* [PATCH v3 0/2] btrfs: output more info for -ENOSPC caused transaction abort
@ 2022-08-25 7:09 Qu Wenruo
2022-08-25 7:09 ` [PATCH v3 1/2] btrfs: output human readable space info flag Qu Wenruo
` (2 more replies)
0 siblings, 3 replies; 5+ messages in thread
From: Qu Wenruo @ 2022-08-25 7:09 UTC (permalink / raw)
To: linux-btrfs
[Changelog]
v3:
- Drop the multi-line output change
The biggest problem is, for the space info dump, it can be ratelimited
especially for enospc_debug mount option.
Thus multi-line can be more confusing when it's related-limited or
interrupted by other lines.
So this version will reuse the old single line output.
v2:
- Add a new line to show the meaning of the metadata dump.

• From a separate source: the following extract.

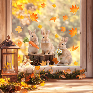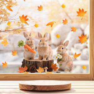 跨境亚马逊创意秋天兔子枫叶静电玻璃贴卧室玻璃窗户家居装饰贴纸

Previous output only includes the reserved bytes and size bytes,
but not showing which is which, thus still need to check the code
We have some internal reports of transaction abort with -ENOSPC.
Unfortunately it's really hard to debug, since we really got nothing
other than the error message for most cases.

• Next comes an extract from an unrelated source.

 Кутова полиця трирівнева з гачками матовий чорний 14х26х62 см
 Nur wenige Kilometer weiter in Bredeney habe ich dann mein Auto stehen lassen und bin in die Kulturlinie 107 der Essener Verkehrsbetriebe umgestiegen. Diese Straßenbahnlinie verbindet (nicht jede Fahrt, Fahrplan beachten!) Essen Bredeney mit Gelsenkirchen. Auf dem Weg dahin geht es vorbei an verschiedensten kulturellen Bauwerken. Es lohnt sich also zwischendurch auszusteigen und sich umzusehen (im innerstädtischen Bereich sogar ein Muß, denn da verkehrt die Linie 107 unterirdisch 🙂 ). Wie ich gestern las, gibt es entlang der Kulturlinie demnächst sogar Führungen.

Also we have helpers like __btrfs_dump_space_info(), it needs enospc_debug
mount option which only makes sense if the user can reproduce the bug
and retry with that mount option.
Considering ENOSPC should not happen for critical paths which failure
means transaction abort, we should dump all space info for debug purpose
if the transaction arbot is caused by -ENOSPC.
One example of the output at transaction abort time:
------------[ cut here ]------------
BTRFS: Transaction aborted (error -28)
WARNING: CPU: 8 PID: 3366 at fs/btrfs/transaction.c:2137 btrfs_commit_transaction+0xf81/0xfb0 [btrfs]
<call trace skipped>
---[ end trace 0000000000000000 ]---
BTRFS info (device dm-1: state A): dumping space info:
BTRFS info (device dm-1: state A): space_info DATA has 6791168 free, is not full
BTRFS info (device dm-1: state A): space_info total=8388608, used=1597440, pinned=0, reserved=0, may_use=0, readonly=0 zone_unusable=0
BTRFS info (device dm-1: state A): space_info METADATA has 257114112 free, is not full
BTRFS info (device dm-1: state A): space_info total=268435456, used=131072, pinned=180224, reserved=65536, may_use=10878976, readonly=65536 zone_unusable=0
BTRFS info (device dm-1: state A): space_info SYS has 8372224 free, is not full
BTRFS info (device dm-1: state A): space_info total=8388608, used=16384, pinned=0, reserved=0, may_use=0, readonly=0 zone_unusable=0
BTRFS info (device dm-1: state A): global_block_rsv: size 3670016 reserved 3670016
BTRFS info (device dm-1: state A): trans_block_rsv: size 0 reserved 0
BTRFS info (device dm-1: state A): chunk_block_rsv: size 0 reserved 0
BTRFS info (device dm-1: state A): delayed_block_rsv: size 4063232 reserved 4063232
BTRFS info (device dm-1: state A): delayed_refs_rsv: size 3145728 reserved 3145728
BTRFS: error (device dm-1: state A) in btrfs_commit_transaction:2137: errno=-28 No space left
BTRFS info (device dm-1: state EA): forced readonly
Qu Wenruo (2):
btrfs: output human readable space info flag
btrfs: dump all space infos if we abort transaction due to ENOSPC
fs/btrfs/ctree.h | 6 +++--
fs/btrfs/space-info.c | 52 +++++++++++++++++++++++++++++++++++--------
fs/btrfs/space-info.h | 2 ++
fs/btrfs/super.c | 4 +++-
4 files changed, 52 insertions(+), 12 deletions(-)
--
2.37.2
^ permalink raw reply [flat|nested] 5+ messages in thread
* [PATCH v3 1/2] btrfs: output human readable space info flag
2022-08-25 7:09 [PATCH v3 0/2] btrfs: output more info for -ENOSPC caused transaction abort Qu Wenruo
@ 2022-08-25 7:09 ` Qu Wenruo
2022-08-25 7:09 ` [PATCH v3 2/2] btrfs: dump all space infos if we abort transaction due to ENOSPC Qu Wenruo
2022-09-02 13:43 ` [PATCH v3 0/2] btrfs: output more info for -ENOSPC caused transaction abort David Sterba
2 siblings, 0 replies; 5+ messages in thread
From: Qu Wenruo @ 2022-08-25 7:09 UTC (permalink / raw)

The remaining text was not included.